• About this exercise: Output, word for word, the lines of this listing that fall between the line with "胡散臭い通販商品みたいなあだ名 | 『来世でも幸せになれる水素水…その名も「しゃみぃ」』 |" and the line with "Number of downloads", counting both of those lines, and no others.

• Dataset records:

▶

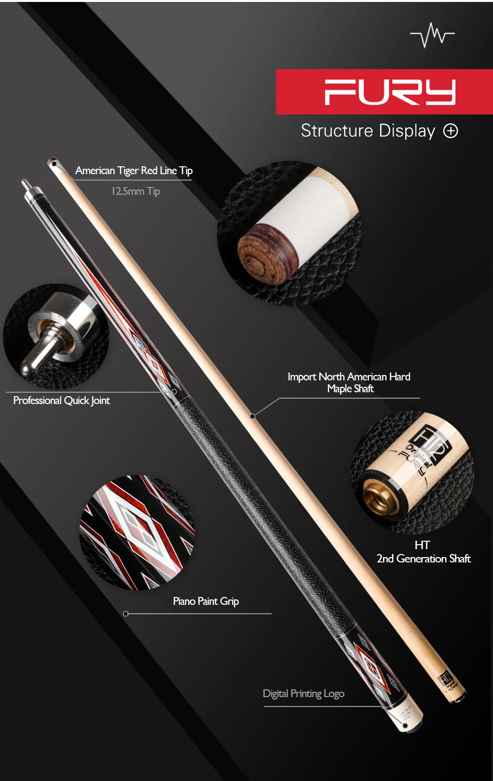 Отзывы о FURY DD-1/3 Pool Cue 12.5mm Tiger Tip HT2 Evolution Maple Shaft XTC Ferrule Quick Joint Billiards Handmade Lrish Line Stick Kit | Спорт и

◀
▶

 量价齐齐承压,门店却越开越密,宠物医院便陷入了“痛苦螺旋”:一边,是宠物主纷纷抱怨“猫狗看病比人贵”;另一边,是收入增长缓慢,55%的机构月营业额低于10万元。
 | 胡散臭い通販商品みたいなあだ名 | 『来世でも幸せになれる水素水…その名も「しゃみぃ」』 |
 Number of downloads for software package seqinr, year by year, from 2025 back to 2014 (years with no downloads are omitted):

◀
▶

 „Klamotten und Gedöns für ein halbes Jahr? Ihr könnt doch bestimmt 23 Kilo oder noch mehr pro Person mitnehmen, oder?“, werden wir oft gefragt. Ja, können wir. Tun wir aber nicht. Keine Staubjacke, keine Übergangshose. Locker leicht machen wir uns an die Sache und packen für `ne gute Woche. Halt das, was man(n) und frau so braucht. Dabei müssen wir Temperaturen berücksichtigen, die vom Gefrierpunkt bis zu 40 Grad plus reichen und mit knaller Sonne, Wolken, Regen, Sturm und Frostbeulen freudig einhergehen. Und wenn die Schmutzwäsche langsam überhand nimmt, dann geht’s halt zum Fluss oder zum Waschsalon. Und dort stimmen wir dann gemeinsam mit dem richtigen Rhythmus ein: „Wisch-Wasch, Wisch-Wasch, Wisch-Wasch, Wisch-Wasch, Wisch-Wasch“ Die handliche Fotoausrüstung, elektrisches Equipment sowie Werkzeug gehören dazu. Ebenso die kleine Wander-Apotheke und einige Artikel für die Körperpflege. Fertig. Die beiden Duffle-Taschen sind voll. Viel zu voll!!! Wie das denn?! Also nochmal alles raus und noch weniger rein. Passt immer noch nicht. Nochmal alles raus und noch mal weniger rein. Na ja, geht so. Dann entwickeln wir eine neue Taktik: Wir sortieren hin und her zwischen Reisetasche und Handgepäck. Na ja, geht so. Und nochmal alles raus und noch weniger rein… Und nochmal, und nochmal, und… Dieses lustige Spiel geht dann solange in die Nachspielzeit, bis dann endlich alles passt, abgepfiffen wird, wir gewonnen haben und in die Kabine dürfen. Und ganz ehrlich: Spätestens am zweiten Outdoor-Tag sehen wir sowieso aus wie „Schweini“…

◀

• Exercise output:
 | 胡散臭い通販商品みたいなあだ名 | 『来世でも幸せになれる水素水…その名も「しゃみぃ」』 |
 Number of downloads for software package seqinr, year by year, from 2025 back to 2014 (years with no downloads are omitted):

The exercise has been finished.